Nonostante le apparenze, la seconda parte dell’art. 192 d.lgs. 152/2006, presuppone, simmetricamente rispetto alla prima parte della stessa norma, che obbligato alla bonifica sia colui che abbia concorso con l’autore materiale dell’abbandono dei rifiuti.
Una interpretazione diversa trascurerebbe il dato formale che l’art. 255, comma 3, punisce chi non ottemperi all’ordinanza del Sindaco emessa proprio ai sensi «dell’art. 192, comma 2» rendendo così palese lo stretto collegamento logico tra le due norme.
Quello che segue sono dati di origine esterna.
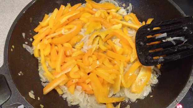 cocinar la cebolla hasta que están dorados y añadir pimiento.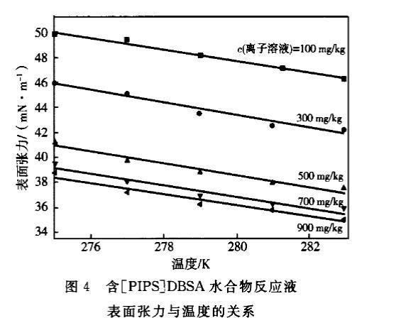 濃度一定時,含[PIPS]DBSA水合物反應溶液的表面張力隨溫度的關系如圖4所示。由圖4可以看出:在275~283K,表面張力隨溫度變化比較平緩,總體呈隨溫度升高而下降趨勢,基本是線性減函數關系。

La giurisprudenza, in proposito, ha precisato che mentre l’obbligo di rimozione riguarda i responsabili dell’abbandono di rifiuti e i proprietari del terreno inquinato, quello di ottemperanza all’ordinanza sindacale è rivolto ai destinatari formali dell’ordinanza stessa. Il reato conseguente, pertanto, è un reato proprio che può essere commesso solo dai destinatari formali dell’ordinanza, gli elementi essenziali della fattispecie penale sono dunque l’esistenza di un’ordinanza sindacale di rimozione dei rifiuti e la condotta di inottemperanza dei destinatari del provvedimento178.
Il momento consumativo del reato va individuato nella maturazione dei termini previsti nell’ordinanza sindacale, da considerarsi perentori, considerato che alla loro scadenza nasce l’obbligo per il comune di procedere all’esecuzione in danno.